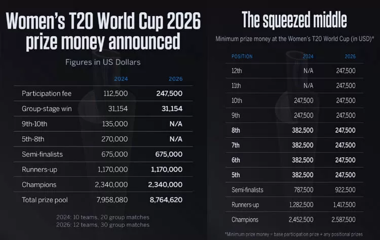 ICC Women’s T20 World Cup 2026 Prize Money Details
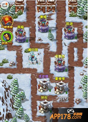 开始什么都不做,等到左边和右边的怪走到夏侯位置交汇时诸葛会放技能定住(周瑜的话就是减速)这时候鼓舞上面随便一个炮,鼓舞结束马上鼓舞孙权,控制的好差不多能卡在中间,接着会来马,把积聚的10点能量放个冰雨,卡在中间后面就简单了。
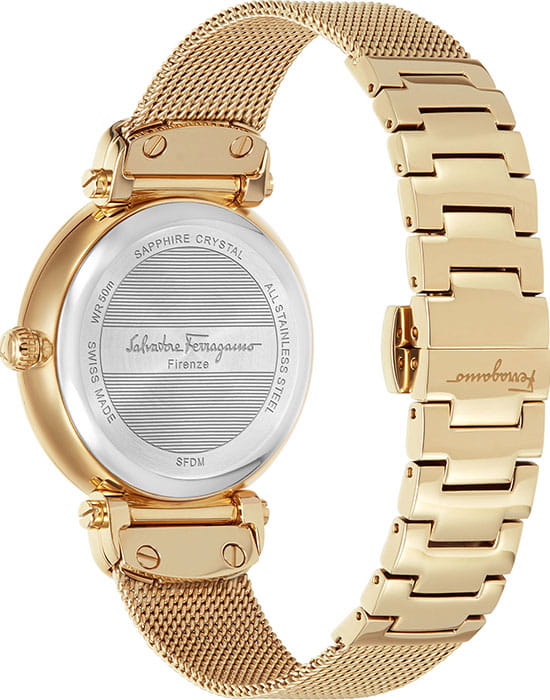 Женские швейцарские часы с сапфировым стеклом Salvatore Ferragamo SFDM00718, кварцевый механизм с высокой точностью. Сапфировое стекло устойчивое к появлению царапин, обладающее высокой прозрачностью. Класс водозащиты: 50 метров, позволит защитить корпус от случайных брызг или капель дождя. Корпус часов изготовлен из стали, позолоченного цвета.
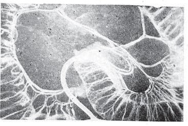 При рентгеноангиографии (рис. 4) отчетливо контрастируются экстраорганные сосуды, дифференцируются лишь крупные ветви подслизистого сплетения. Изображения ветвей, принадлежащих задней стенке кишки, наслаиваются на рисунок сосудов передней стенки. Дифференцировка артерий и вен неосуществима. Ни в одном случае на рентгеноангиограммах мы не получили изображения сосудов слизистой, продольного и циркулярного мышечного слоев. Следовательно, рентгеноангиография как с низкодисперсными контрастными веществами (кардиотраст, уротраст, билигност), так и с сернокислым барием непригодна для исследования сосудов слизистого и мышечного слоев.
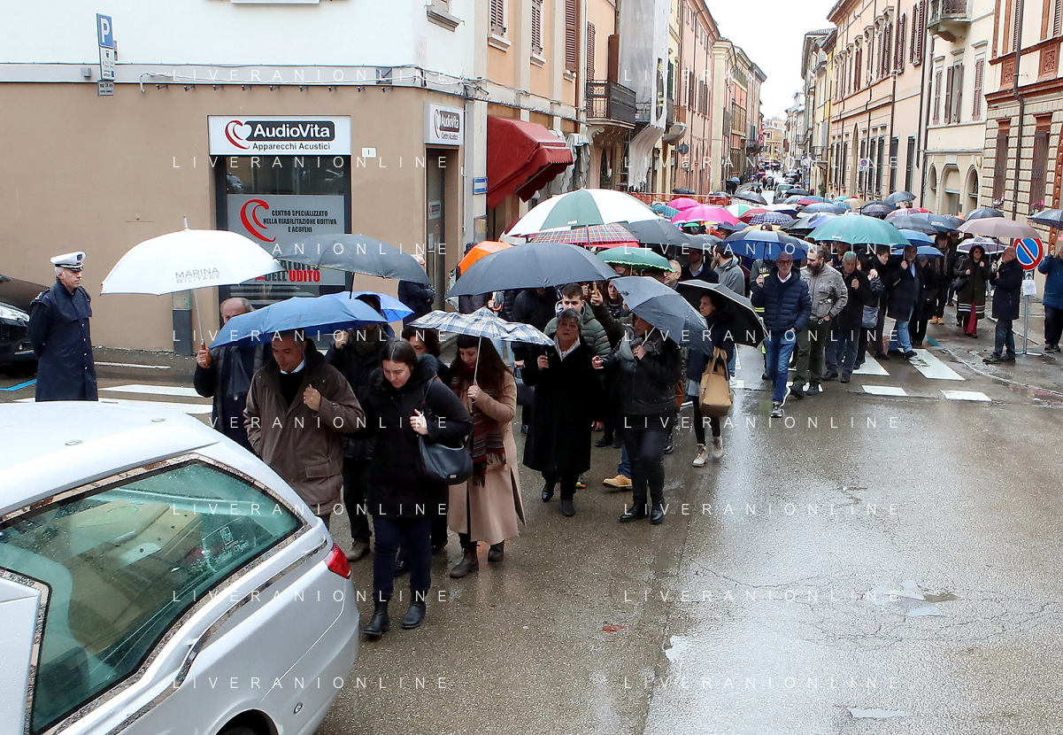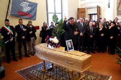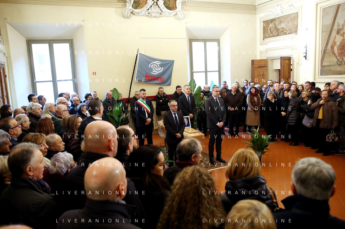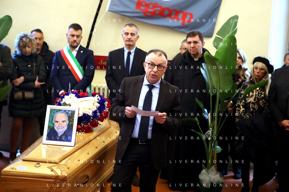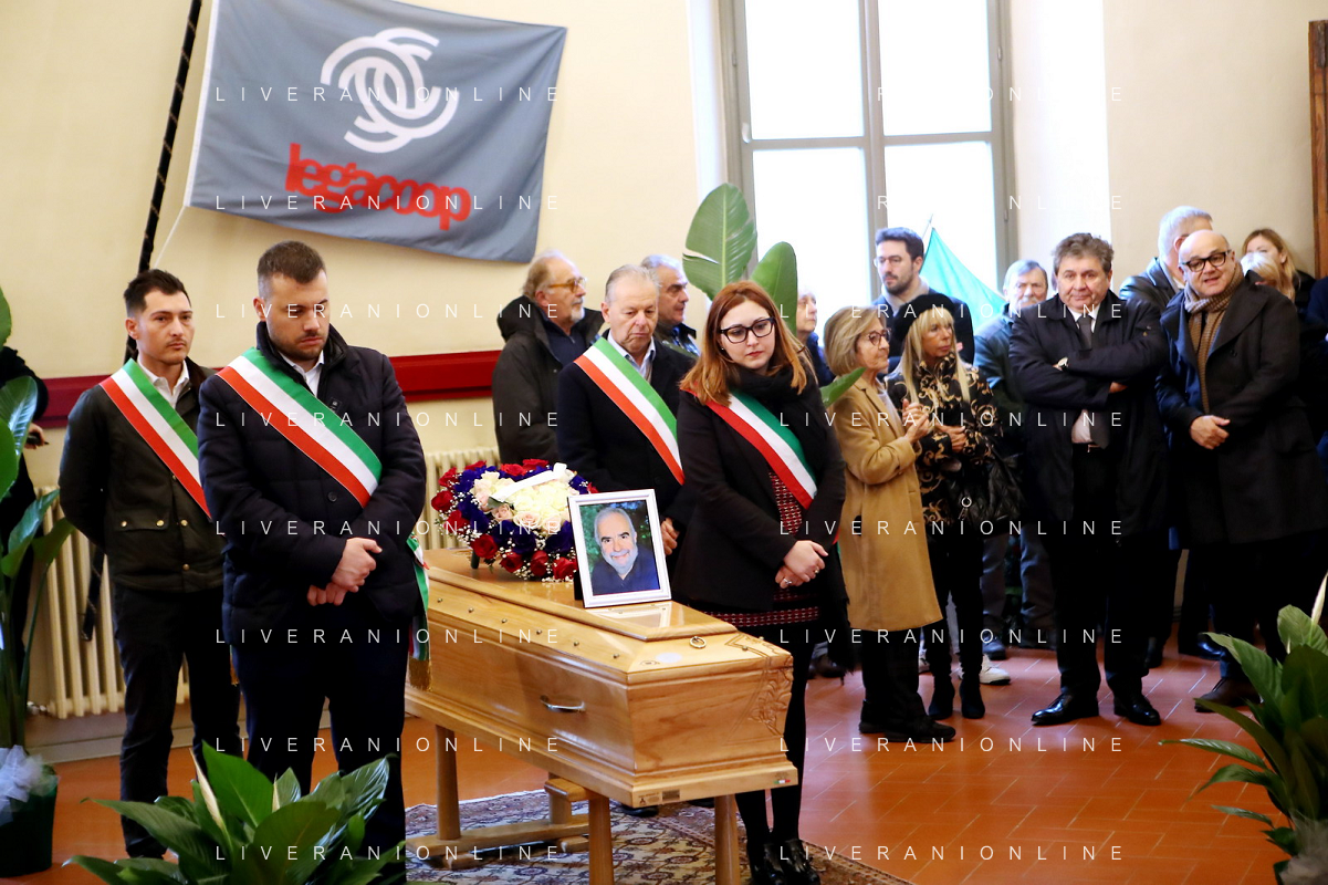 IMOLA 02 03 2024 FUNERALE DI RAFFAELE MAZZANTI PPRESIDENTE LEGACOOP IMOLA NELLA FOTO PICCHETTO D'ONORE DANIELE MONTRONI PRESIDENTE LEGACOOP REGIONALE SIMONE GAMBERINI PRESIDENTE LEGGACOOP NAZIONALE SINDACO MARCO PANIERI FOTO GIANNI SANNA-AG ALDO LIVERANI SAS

- - -

# About this task
Nothing but the lines from the start of the records through the line holding "Женские швейцарские часы" should be printed, exactly as written and with the pictures left out.

# Your solution
 ICC Women’s T20 World Cup 2026 Prize Money Details
 开始什么都不做,等到左边和右边的怪走到夏侯位置交汇时诸葛会放技能定住(周瑜的话就是减速)这时候鼓舞上面随便一个炮,鼓舞结束马上鼓舞孙权,控制的好差不多能卡在中间,接着会来马,把积聚的10点能量放个冰雨,卡在中间后面就简单了。
 Женские швейцарские часы с сапфировым стеклом Salvatore Ferragamo SFDM00718, кварцевый механизм с высокой точностью. Сапфировое стекло устойчивое к появлению царапин, обладающее высокой прозрачностью. Класс водозащиты: 50 метров, позволит защитить корпус от случайных брызг или капель дождя. Корпус часов изготовлен из стали, позолоченного цвета.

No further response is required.